**EXERCISE REQUIREMENTS:**
Look below for the line with "Ziedu pušķis pasteļtoņos" and the line with "Tecido: 94% poliéster"; repeat exactly those two lines and all lines between them, but no pictures.

**DATASET RECORDS:**
######

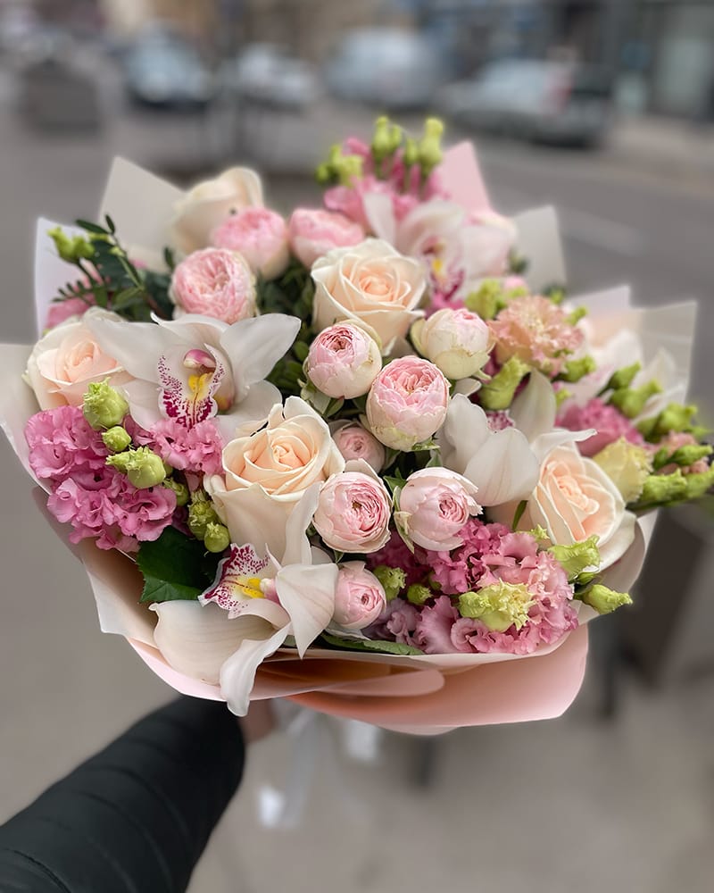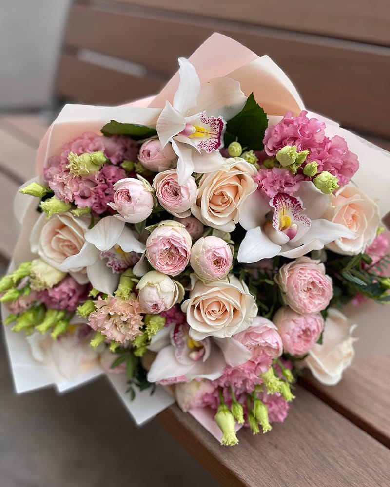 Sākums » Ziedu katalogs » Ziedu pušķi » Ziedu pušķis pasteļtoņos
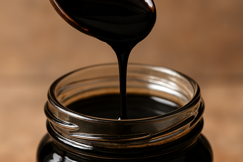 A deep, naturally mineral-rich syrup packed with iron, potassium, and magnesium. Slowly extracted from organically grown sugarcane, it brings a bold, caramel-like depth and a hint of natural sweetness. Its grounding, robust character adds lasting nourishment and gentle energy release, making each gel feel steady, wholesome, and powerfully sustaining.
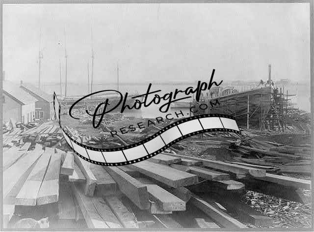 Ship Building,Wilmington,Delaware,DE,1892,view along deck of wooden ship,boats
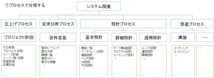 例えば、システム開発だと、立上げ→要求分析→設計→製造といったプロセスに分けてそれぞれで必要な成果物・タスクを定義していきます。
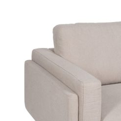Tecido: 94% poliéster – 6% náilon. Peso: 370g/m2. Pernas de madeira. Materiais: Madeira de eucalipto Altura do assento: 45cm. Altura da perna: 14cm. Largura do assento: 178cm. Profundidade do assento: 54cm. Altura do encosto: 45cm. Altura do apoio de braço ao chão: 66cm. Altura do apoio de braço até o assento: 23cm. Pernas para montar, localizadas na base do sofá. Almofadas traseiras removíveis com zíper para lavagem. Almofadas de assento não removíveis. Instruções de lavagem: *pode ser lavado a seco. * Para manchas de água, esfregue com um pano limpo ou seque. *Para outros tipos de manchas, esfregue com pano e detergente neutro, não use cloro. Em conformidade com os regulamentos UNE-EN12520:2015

######

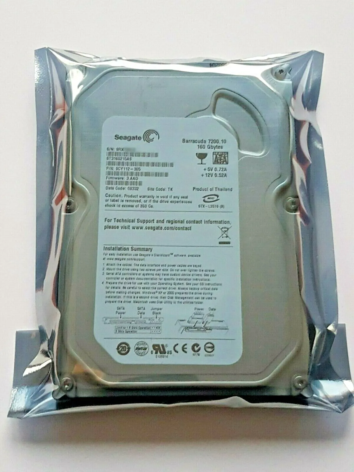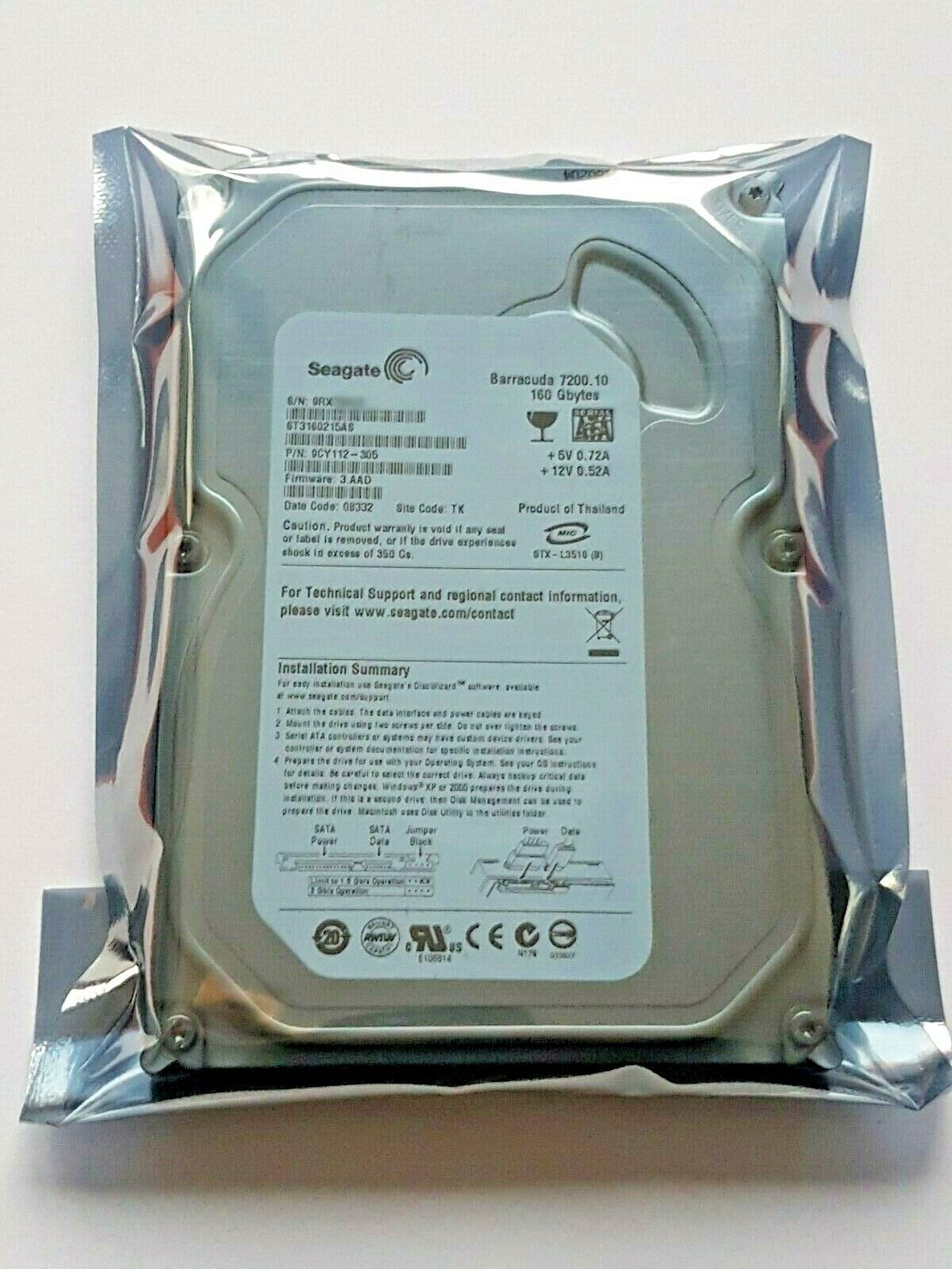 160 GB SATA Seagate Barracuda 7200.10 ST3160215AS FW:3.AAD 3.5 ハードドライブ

######

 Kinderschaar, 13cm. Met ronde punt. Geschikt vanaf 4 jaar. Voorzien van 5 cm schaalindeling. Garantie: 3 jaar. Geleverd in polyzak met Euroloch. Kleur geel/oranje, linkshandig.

######

**OUTPUT OF THE TASK:**
 Sākums » Ziedu katalogs » Ziedu pušķi » Ziedu pušķis pasteļtoņos
 A deep, naturally mineral-rich syrup packed with iron, potassium, and magnesium. Slowly extracted from organically grown sugarcane, it brings a bold, caramel-like depth and a hint of natural sweetness. Its grounding, robust character adds lasting nourishment and gentle energy release, making each gel feel steady, wholesome, and powerfully sustaining.
 Ship Building,Wilmington,Delaware,DE,1892,view along deck of wooden ship,boats
 例えば、システム開発だと、立上げ→要求分析→設計→製造といったプロセスに分けてそれぞれで必要な成果物・タスクを定義していきます。
Tecido: 94% poliéster – 6% náilon. Peso: 370g/m2. Pernas de madeira. Materiais: Madeira de eucalipto Altura do assento: 45cm. Altura da perna: 14cm. Largura do assento: 178cm. Profundidade do assento: 54cm. Altura do encosto: 45cm. Altura do apoio de braço ao chão: 66cm. Altura do apoio de braço até o assento: 23cm. Pernas para montar, localizadas na base do sofá. Almofadas traseiras removíveis com zíper para lavagem. Almofadas de assento não removíveis. Instruções de lavagem: *pode ser lavado a seco. * Para manchas de água, esfregue com um pano limpo ou seque. *Para outros tipos de manchas, esfregue com pano e detergente neutro, não use cloro. Em conformidade com os regulamentos UNE-EN12520:2015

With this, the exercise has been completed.